Unfortunate fortnight

Okta was unable to identify suspicious behavior in its customer-service portal for two weeks last month, it acknowledged Friday, leading to the exposure of data belonging to 134 customers before it was addressed.

The identity management company, which plays a key role for customers looking to authenticate users on their corporate networks, employs a relatively standard SaaS customer-service procedure that asked customers to share HAR files. Those files record how customers are interacting with a cloud service through their browser, and contain sensitive information about how to log into their accounts with the vendor.

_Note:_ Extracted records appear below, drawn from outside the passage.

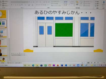 続いて、生活指導の先生が制作した「がっこうの決まりをまもろう」というデジタル紙芝居的なソフトを使って、決まりを守ることの大切さについて学びました。途中、玉川小学校の先生が登場する場面もあり、身近に受け止めることができる内容構成に、児童みんなが真剣な眼差しで視聴していました。
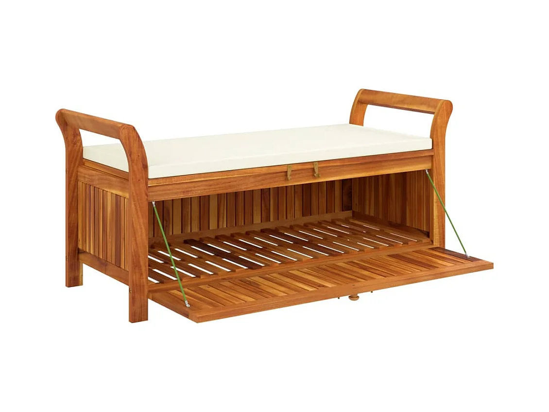 Banco de jardín Mobiliario de exterior terraza de almacenamiento de jardín con cojín 126 cm madera de acacia 02_0011808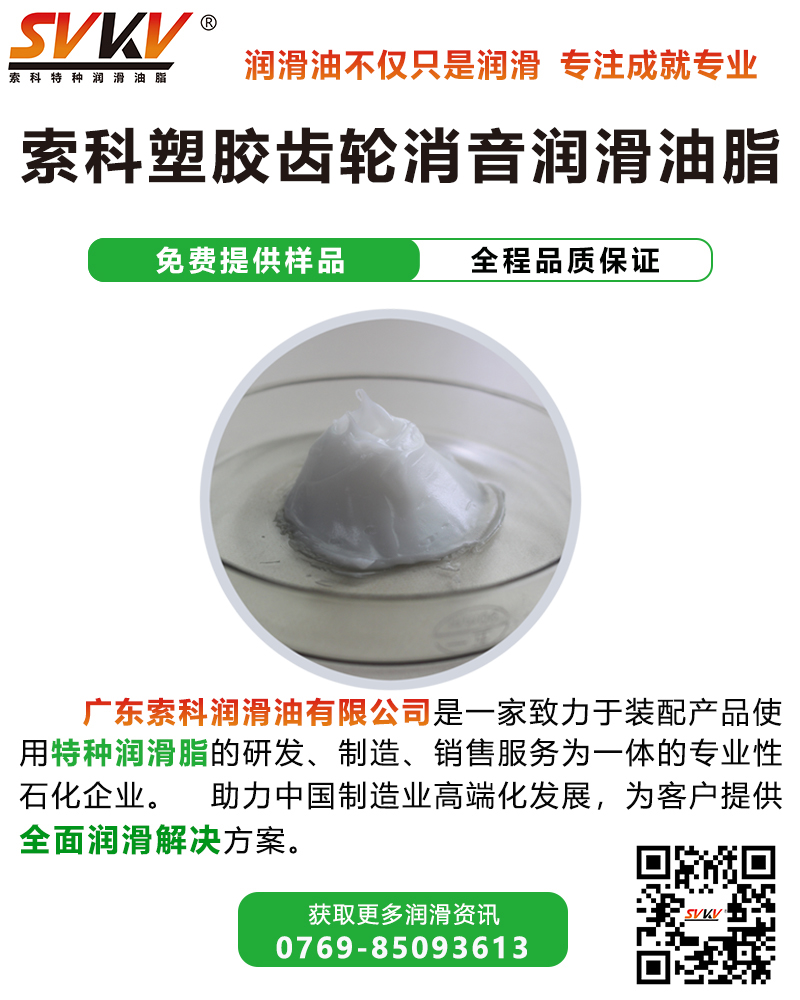 索科SVKV塑膠齒輪消音潤滑油脂正是這樣一款專為塑膠齒輪而研制的齒輪潤滑油脂,完美適配硒鼓齒輪。索科SVKV塑膠齒輪消音潤滑油脂選用高性能基礎油,并添加多種高效抗氧化、抗腐蝕等添加劑精制而成,是專為各種塑膠齒輪、傳動部位而研制的齒輪潤滑脂,能有效減少硒鼓齒輪磨損,降低噪音,并達到延長其使用壽命的效果。

But hackers were able to get access to a computer used by an Okta customer service employee that was signed into their personal Google account while also using a corporate Okta account. The attackers were able to get access to the HAR files through that account and "hijack the legitimate Okta sessions of 5 customers," which Okta did not notice until three of those customers — 1Password, BeyondTrust, and Cloudflare — informed the company that they had detected suspicious activity.

That's not a great look for a security company.


Quote of the week

“I often ask vendors to walk me through their product quote and explain what each product SKU or line item is, such as the cost for an application with the microservices and containerization. Most cloud agreements have an auto-renewal clause, which decreases leverage in negotiating prices upon renewal. I strike this language from all my contracts.” — Thomas Phelps, CIO and SVP of corporate strategy at Laserfiche, with some sage advice for enterprise tech buyers as reported by CIO.


The Runtime roundup

Several Cloudflare services remained down or degraded well into Friday as the company continues to recover from widespread issues caused by a power outage at one of its North American data centers on Thursday.

Nvidia is planning to sell the A800 AI chips originally designed for Chinese customers in North America after new export restrictions forced its hand, which could put a small dent in the ongoing GPU shortage.